Skip pictures in the listing below; copy exactly the lines from the one with "Im Straßenmeisterei Simulator" through the one with "Acer Bluetooth 5.3", inclusive.

◆ DATASET RECORDS
──────────────────────────────

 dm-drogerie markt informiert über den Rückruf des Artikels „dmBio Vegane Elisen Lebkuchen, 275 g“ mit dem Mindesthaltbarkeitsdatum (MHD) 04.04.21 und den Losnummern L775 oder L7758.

──────────────────────────────

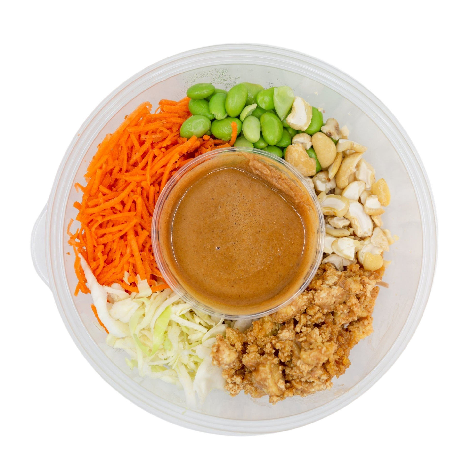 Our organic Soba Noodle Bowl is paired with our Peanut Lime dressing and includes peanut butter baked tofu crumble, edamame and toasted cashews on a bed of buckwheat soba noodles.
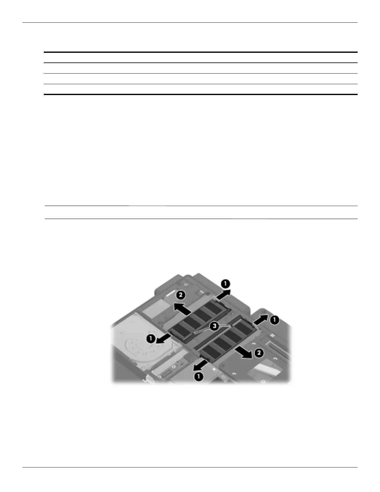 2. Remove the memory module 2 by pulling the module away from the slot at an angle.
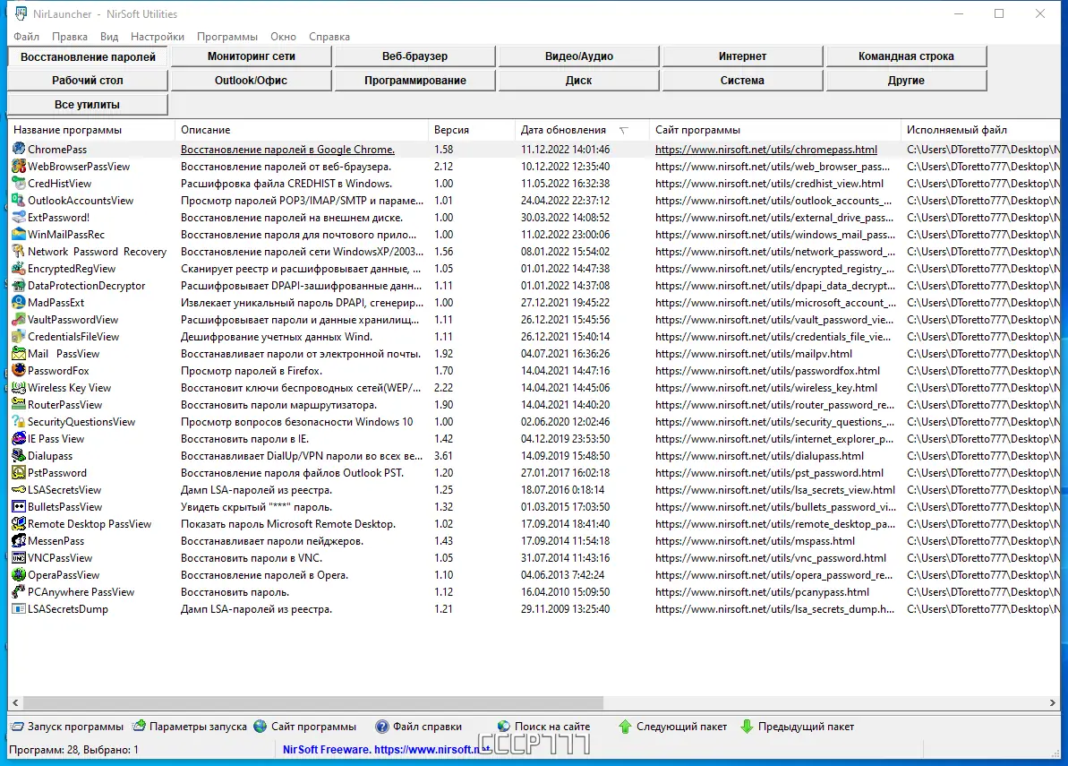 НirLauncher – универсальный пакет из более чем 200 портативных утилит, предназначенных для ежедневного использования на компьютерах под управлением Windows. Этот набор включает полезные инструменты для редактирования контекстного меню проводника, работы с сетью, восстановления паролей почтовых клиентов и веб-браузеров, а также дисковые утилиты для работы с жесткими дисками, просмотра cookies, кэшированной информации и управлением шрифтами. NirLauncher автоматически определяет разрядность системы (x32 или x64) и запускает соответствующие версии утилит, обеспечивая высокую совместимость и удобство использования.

──────────────────────────────

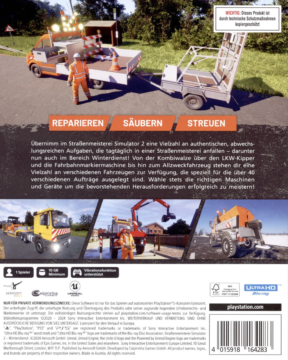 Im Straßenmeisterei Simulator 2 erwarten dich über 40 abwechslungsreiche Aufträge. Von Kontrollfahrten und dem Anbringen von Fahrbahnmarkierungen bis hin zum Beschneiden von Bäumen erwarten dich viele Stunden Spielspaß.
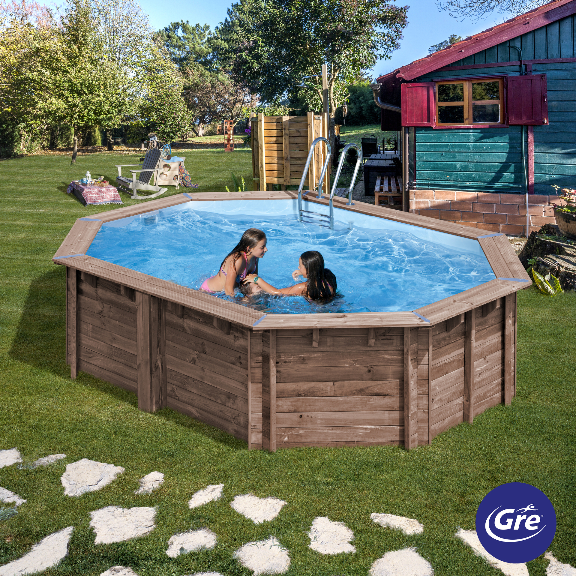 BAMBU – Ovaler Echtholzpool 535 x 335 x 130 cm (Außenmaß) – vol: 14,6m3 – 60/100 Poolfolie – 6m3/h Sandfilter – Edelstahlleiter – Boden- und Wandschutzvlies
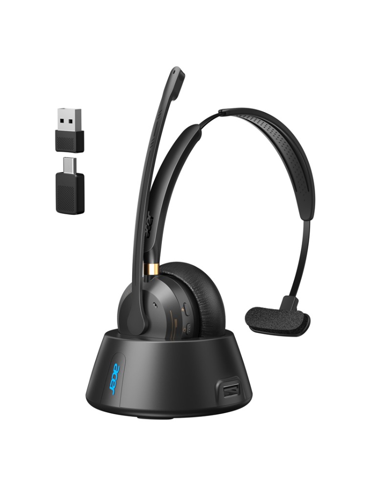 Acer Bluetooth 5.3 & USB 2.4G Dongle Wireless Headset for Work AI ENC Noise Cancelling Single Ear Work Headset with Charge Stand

──────────────────────────────

◆ SOLUTION TO THIS PROBLEM
 Im Straßenmeisterei Simulator 2 erwarten dich über 40 abwechslungsreiche Aufträge. Von Kontrollfahrten und dem Anbringen von Fahrbahnmarkierungen bis hin zum Beschneiden von Bäumen erwarten dich viele Stunden Spielspaß.
 BAMBU – Ovaler Echtholzpool 535 x 335 x 130 cm (Außenmaß) – vol: 14,6m3 – 60/100 Poolfolie – 6m3/h Sandfilter – Edelstahlleiter – Boden- und Wandschutzvlies
 Acer Bluetooth 5.3 & USB 2.4G Dongle Wireless Headset for Work AI ENC Noise Cancelling Single Ear Work Headset with Charge Stand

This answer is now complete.